It is easy to look at machine learning as a magical black box, in which you insert data and make predictions. With that, there is nothing magical about machine learning, writes IDG News. In fact, it is important to understand how the different parts of machine learning work, to get better results. So, join us on a tour.
As in many other IT contexts, such as devops, the term “pipeline” is used in machine learning. It is a visual parable of how data flows through a solution. The pipeline can be roughly divided into four parts:
- Collect data, called a little funny for “ingesting” (inta) in English.

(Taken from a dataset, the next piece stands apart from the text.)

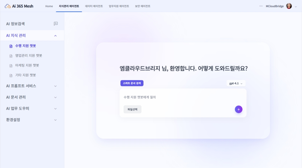AI 통합 업무 플랫폼 전문기업 엠클라우드브리지의 ‘Ai 365 지식관리 에이전트’가 제조, 서비스, 전문직군을 중심으로 구축 문의와 도입이 급증하고 있다. 이 플랫폼은 마이크로소프트 Azure OpenAI 및 Microsoft 365 환경을 기반으로 사내 문서와 데이터를 연계해 지식 검색 및 생성형 AI 답변을 하나의 화면에서 제공하는 기업용 AI 오케스트레이션 솔루션이다. ChatGPT, Gemini 등 멀티 AI 엔진을 지원하면서도 Microsoft Entra ID와 연계한 권한 관리 기능을 통해 문서 보안과 조직별 거버넌스를 동시에 확보할 수 있도록 설계됐다. 엠클라우드브리지는 Ai 365를 통해 기업들의 생성형 AI 도입 시 보안 및 문서 관리 과제를 해소하고 한국형 AI 업무 환경 전환을 적극 지원한다는 방침이다.

- Prepare data, such as data wash and normalization if needed. Normalization in this context should not be confused with normalization of relational databases, but it is about adapting different value scales to each other.
- Model training.
- Provide predictions.
Here are more detailed descriptions of the four phases:
Decide on data
Two things are needed to get started with machine learning: data to train a model and algorithms that control training. Data can come from different sources. This is often about data from any business process that is already being collected, either continuously or in archived form.

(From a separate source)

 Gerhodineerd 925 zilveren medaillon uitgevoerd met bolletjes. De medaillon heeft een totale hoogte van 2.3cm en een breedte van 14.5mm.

In some cases, you have to work with streaming data. Then you can choose between managing data streaming or first storing it in a database. In the case of streaming data management, there is another choice between two options: Either you use new data to fine-tune an existing model or you build new models from time to time and train them with new data.

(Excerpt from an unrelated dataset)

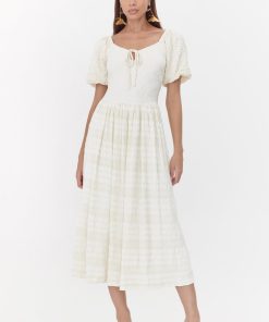 Popcorn-textured, mid dress featuring balloon sleeves and a tied neckline. Showcasing a tightly-fitted bodice and flared skirt, the dress is complimented with a scoop neckline, which can be pulled down for an off-shoulder look.

These decisions affect the choice of algorithms. Some algorithms are suitable for fine-tuning models, others not. In the latter case, you may start with new data.
Data washing is often about scales
There can be a lot of confusion in the data that is taken from a lot of different sources. One thing that often needs to be arranged is to normalize the data, ie to convert different data values to the same scale.
A simple example is that 2.45 meters in high jump can be considered as worthwhile as 8.95 meters in long jump, as both are world records. In order to understand that the values are equally valuable, they need to be converted, normalized, for example to 1.0 in both cases.
But in some cases normalization is not appropriate. It applies whether the scale actually matters. If you want to compare female and male height jumpers, it may be appropriate to normalize so that 2.45 meters for men will have the same value as 2.09 meters for women, as both are world records. But if you want to compare height jumpers regardless of gender then you should not normalize the values.
During the data preparation phase, it is also important to analyze how bias can affect models. This may include, for example, how to select data to use or how to normalize data.
Time for hard training
The next phase is the actual training of a model. It involves using data to generate a model from which predictions can be made. The key activity during training is to make settings, which is called “hyperparameterization” in English.
A hyperparameter is a setting that controls how a model is created based on an algorithm. A very simple example is if you want to divide a number of worlds into categories. In that case, a hyperparameter can be the number of categories you want. One way to arrive at good hyperparameters is to simply try them out. But in some cases, these settings can be optimized automatically.
Sometimes the training can be run in parallel on several processors, which of course provides performance benefits. It doesn’t have to be different processors, but you talk about workers. Workers in this case are simply different copies of a program that runs at the same time in different places.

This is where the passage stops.